A clergyman, and apparently half-crazy.
Darby, Elde, Esq.
The brother-in-law of Lord Allen, with whom he was at feud. He was much abused by he Satirist newspaper and taxed with having been a government spy receiving douceurs from both parties. He had lived long in France and in conversation frequently affected to have forgotten his English.
De Roos, Lord
A man very much liked and very popular, but being convicted of cheating at whist and marking the cards got out of society. Lord Chesterfield saying after the trial that he had called upon him nevertheless and left his card, “Did he mark it?” asked Hook. “No!” said my Lord fiercely. “Of course not,” said Poole, “he did not consider it an honour.”
Douglas, Joseph, Esq., Barrister
A member of the Committee and a very gentlemanly man, but fond of the bottle. Used to go to the Northern Circuit and sing Northern songs – after a fashion.
Feb 15th, 1833. Mr Duncombe was behind the scenes at Drury Lane when Mister Westmacott, the proprietor of the Age, Sunday paper, came up to him and asked him how he did. “I am surprised, sir, that you should think of addressing me when you are abusing me constantly in your paper, and I desire that when you do speak to me you will take off your hat.” At the same time he himself removed W’s hat from his head and threw it on the ground. W drew off his gloves on which D clenched his fists and struck him twice on the face, when the persons present interfered
Ellis, Charles, Esq.
A half mad attorney, who was constantly drunk and as constantly quarrelsome, though very good natured during his few intervals of sobriety.
A low scribbler, without an atom of talent and totally unused to the society of gentlemen. He narrowly escaped expulsion from publishing an account of a dinner at the Garrick in a newspaper to which he was a reporter. The Committee wrote him a letter on the occasion expressive of their disgust which would have caused any other man to retire. About a year after, he got beastly drunk and was sick in Sergeant Talfourd’s pocket. Tom Duncombe got drunk at the same time, but behaved so differently that Poole observed one was the real gentleman drunk and the other the ‘spewrious’ gentleman drunk.
Gaspey, Thomas, Esq.
Proprietor and editor of the Sunday Times newspaper. A low-bred, vulgar man brought in by Jerdan.
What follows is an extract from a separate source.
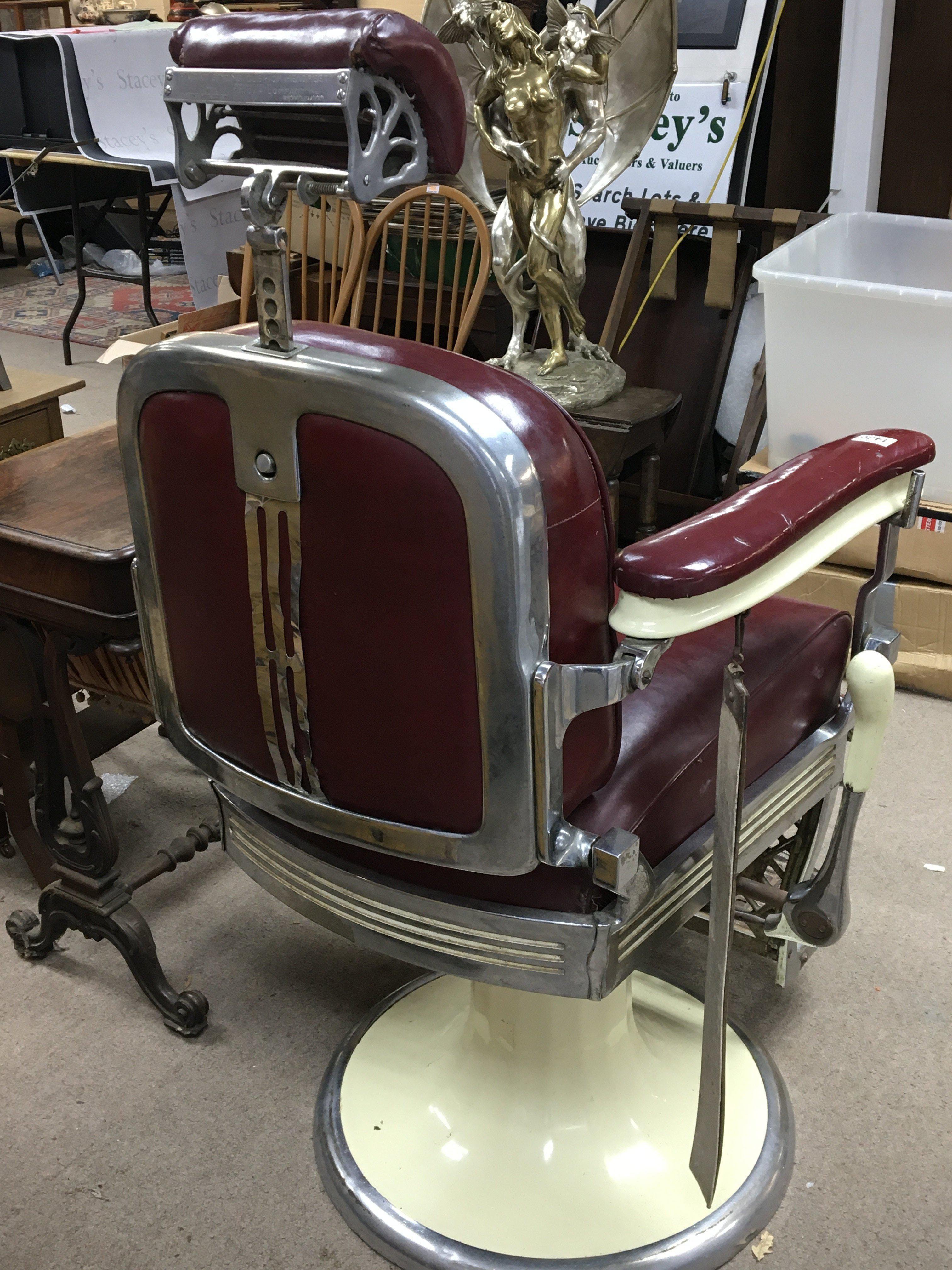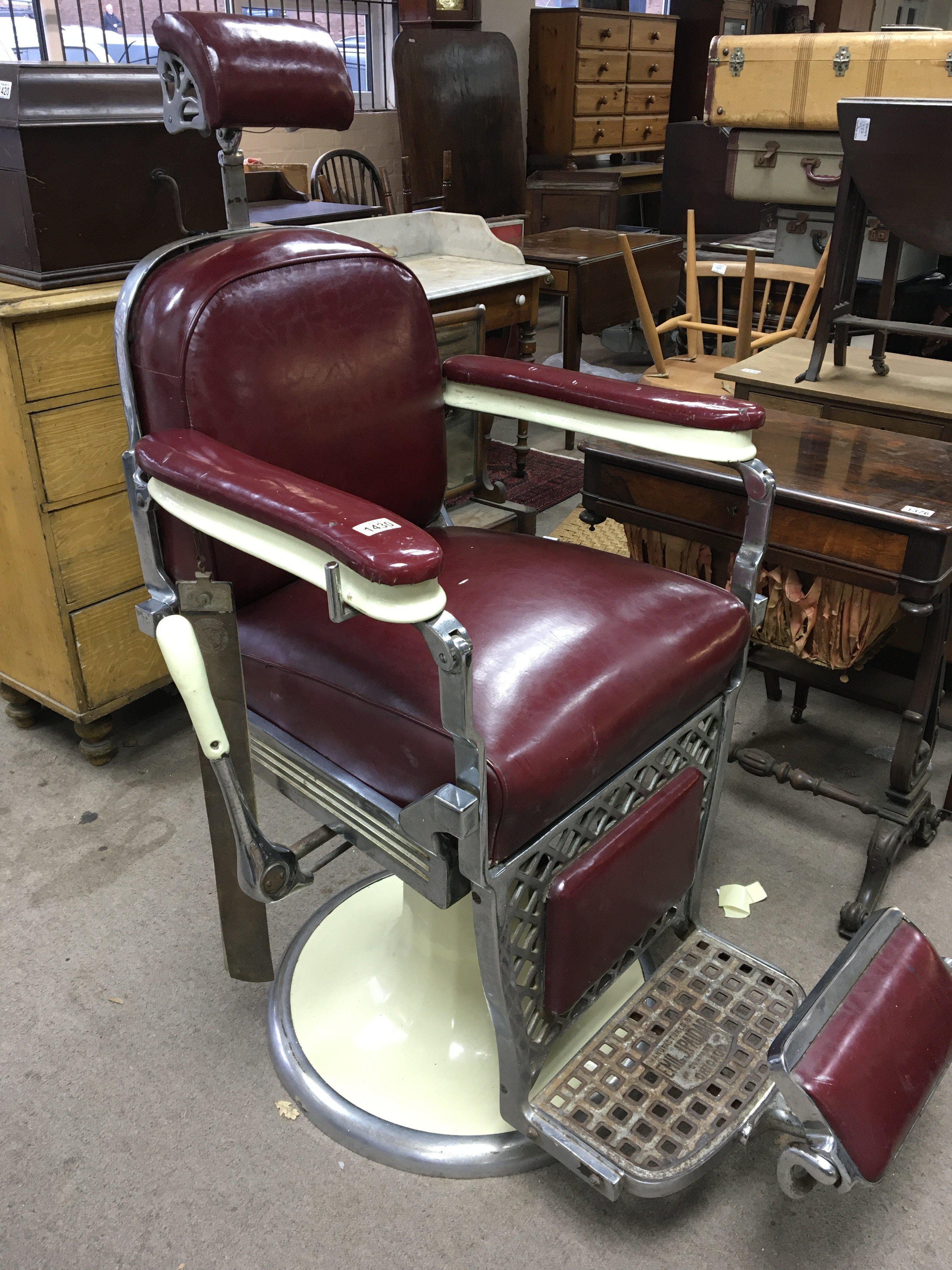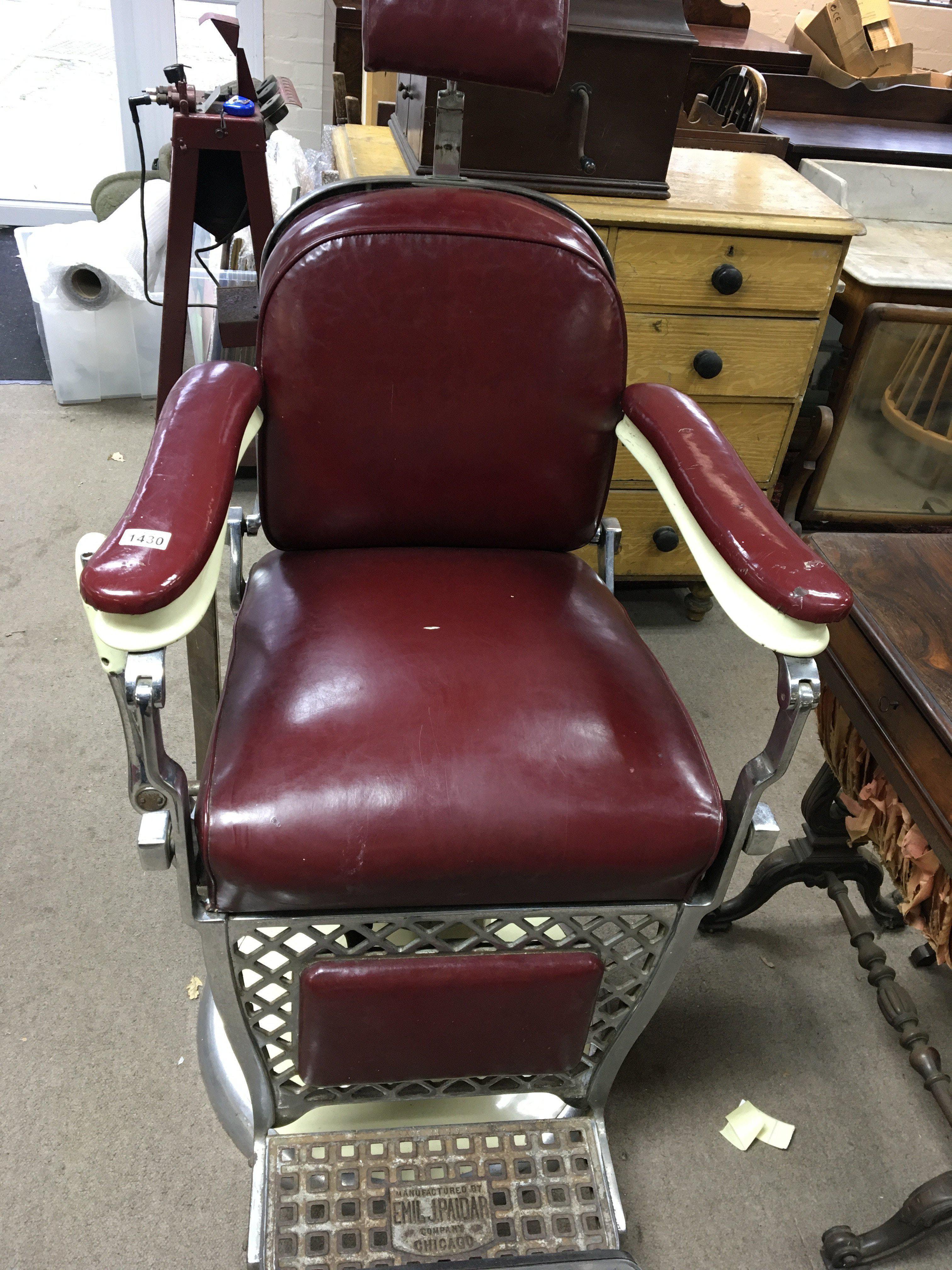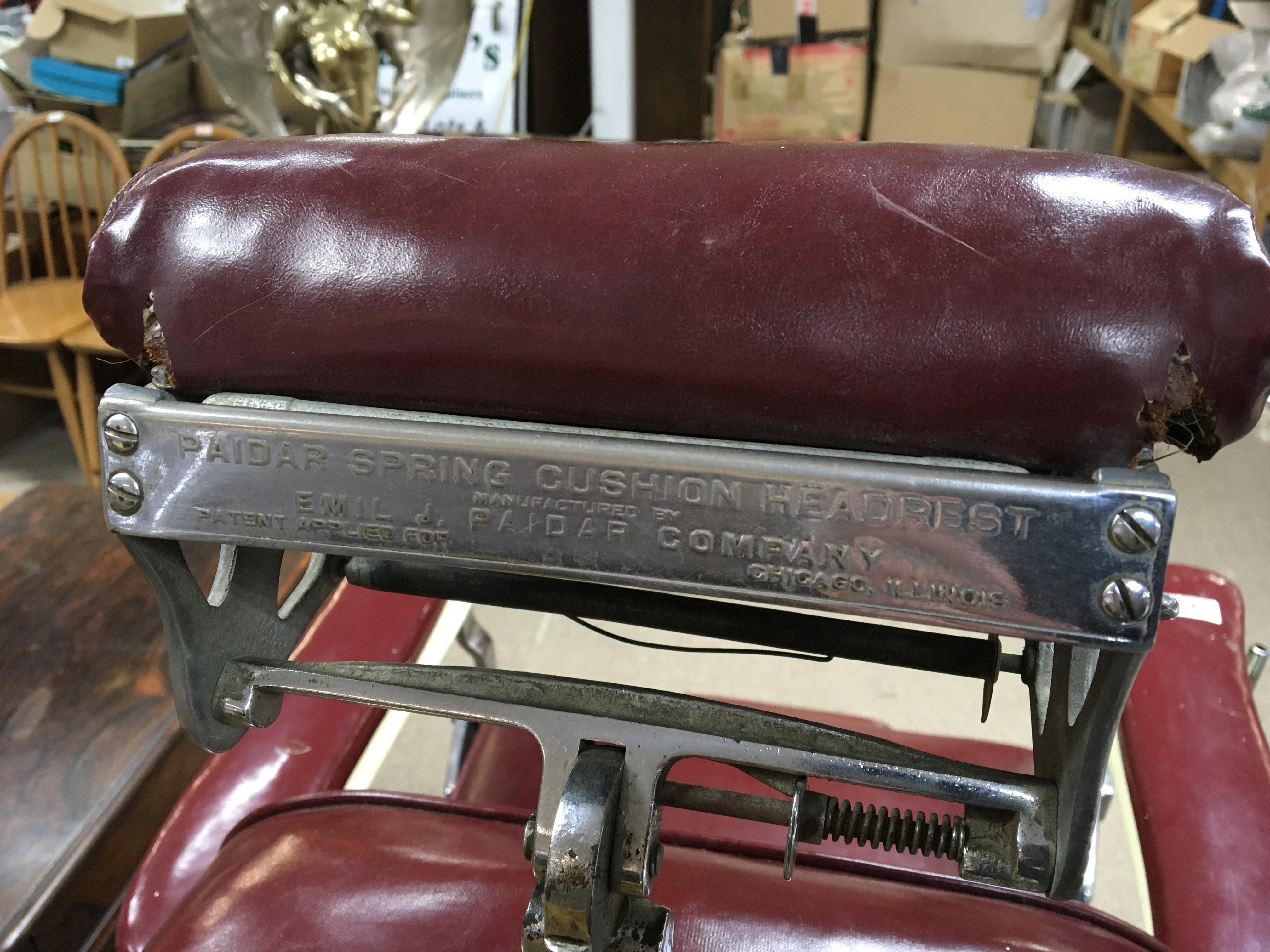 A Quality and rare Vintage 1930s Professional American barbers chair with a deep red upholstery and chrome frame fully adjustable. maker Emile J.Paidar Company Chicago

Gordon, Robert, Esq., M.P.
Commonly, B–m Gordon.
The celebrated duellist.
Mulgrave, Earl of
President of the Club. In 1834 he went Lord Lieutenant to Ireland, having previously been Governor of Jamaica, whence he sent the Club a turtle.
Osbourne, Frederick K., Esq., Barrister
A very disagreeable, overbearing, rude man, and generally cut on the Circuit.
Sheridan, Richard Brinsley, Esq.
Ran away with Miss Grant, daughter of Sir Colquhon Grant.